Justice administrative : face à l’explosion des recours, l’IA appelée à la rescousse
Les tribunaux administratifs français connaissent une augmentation sans précédent du nombre de dossiers. En l’espace de deux ans, les affaires enregistrées sont passées de 257.000 en 2023 à 370.000 au cours des douze derniers mois. Cette hausse significative met sous pression une juridiction déjà confrontée à des délais de traitement importants et incite le Conseil d’État à se tourner davantage vers l’intelligence artificielle.
Lors de la conférence de presse de rentrée, le vice-président du Conseil d’État, Marc Guillaume, a exprimé ses inquiétudes, déclarant : « Si cela se poursuit ainsi, nous aurons un demi-million d’affaires d’ici deux à trois ans » devant les tribunaux administratifs.
Cette situation a conduit la plus haute juridiction administrative à évoquer un véritable « tsunami contentieux ». En effet, la hausse des dossiers atteint 20 % dans les tribunaux administratifs et 14 % au Conseil d’État sur les douze derniers mois, touchant divers secteurs tels que l’urbanisme, l’aide sociale, le droit des étrangers, le travail et l’environnement.
Les procédures d’urgence en forte hausse
Un phénomène particulièrement marquant est l’augmentation des procédures en référé, qui permettent une intervention rapide du juge administratif. Plus de 85.000 référés ont été enregistrés au cours des douze derniers mois, comparativement à 64.554 en 2025.
Pour le Conseil d’État, cette inflation contentieuse ne pourra pas être gérée uniquement par une mobilisation accrue des magistrats et des agents. Marc Guillaume a insisté sur la nécessité d’« éviter les contentieux évitables » et de « faire régresser les dysfonctionnements administratifs », tout en soulignant que la mobilisation actuelle ne serait pas suffisante.
Derrière cette explosion de recours se cache une question plus large : celle de la capacité de l’administration à prendre des décisions claires, rapides et juridiquement solides pour éviter que les citoyens, entreprises ou collectivités ne se tournent vers les tribunaux.
L’IA pour absorber la hausse des dossiers
Face à cette situation, le Conseil d’État souhaite accélérer sa transformation numérique. Marc Guillaume a déclaré : « Il faut développer les outils numériques et l’intelligence artificielle pour juger plus vite, au bénéfice du requérant. »

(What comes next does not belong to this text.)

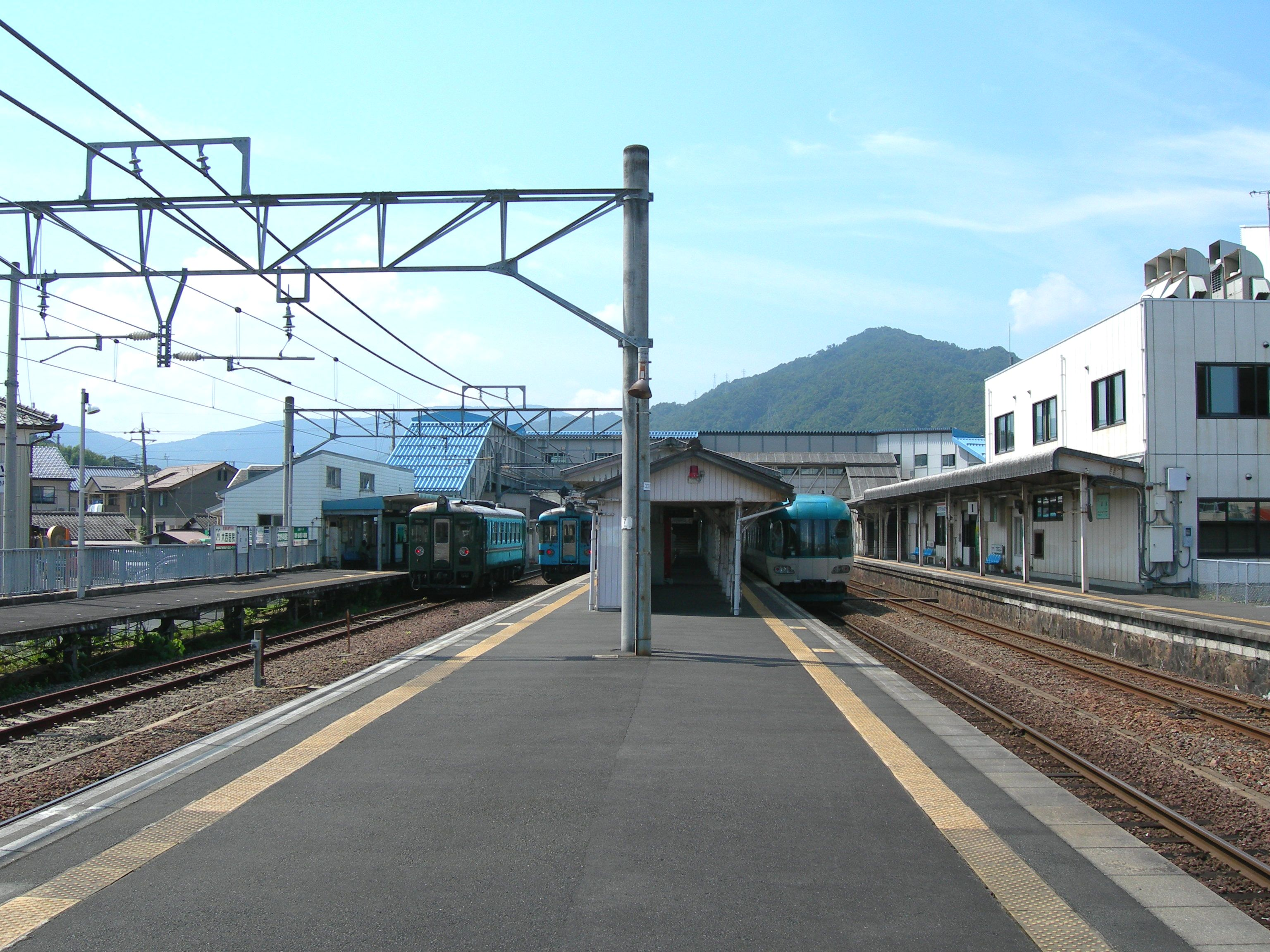 Platforms of Miyazu Station of Kitakinki Tango Railway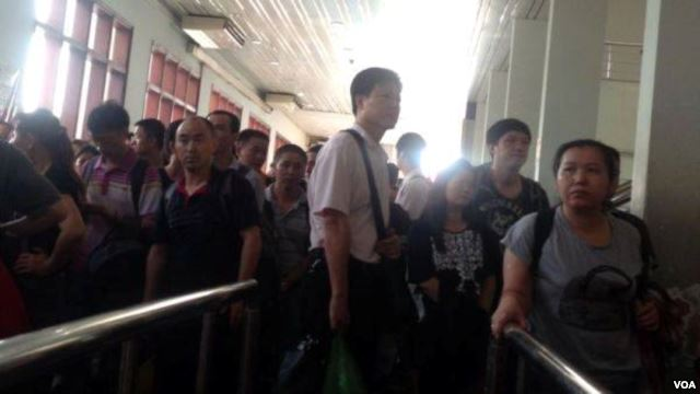 In 2014, because of the anti-China protest in Vietnam, Chinese in Vietnam fleed to Cambodia.

Plusieurs projets sont déjà en cours, notamment l’acquisition de serveurs sécurisés pour traiter des données sensibles. Une création d’un assistant d’intelligence artificielle spécifiquement conçu pour la justice administrative est prévue, avec un déploiement annoncé « dès la fin de l’année ». Une base de données augmentée doit également voir le jour pour faciliter l’accès aux informations et à la jurisprudence utiles aux magistrats.
L’objectif n’est pas de remplacer le juge, mais de lui permettre de consacrer davantage de temps à l’analyse juridique et à la décision, en prenant en charge certaines tâches chronophages comme la recherche documentaire, le traitement de dossiers et la comparaison de jurisprudences.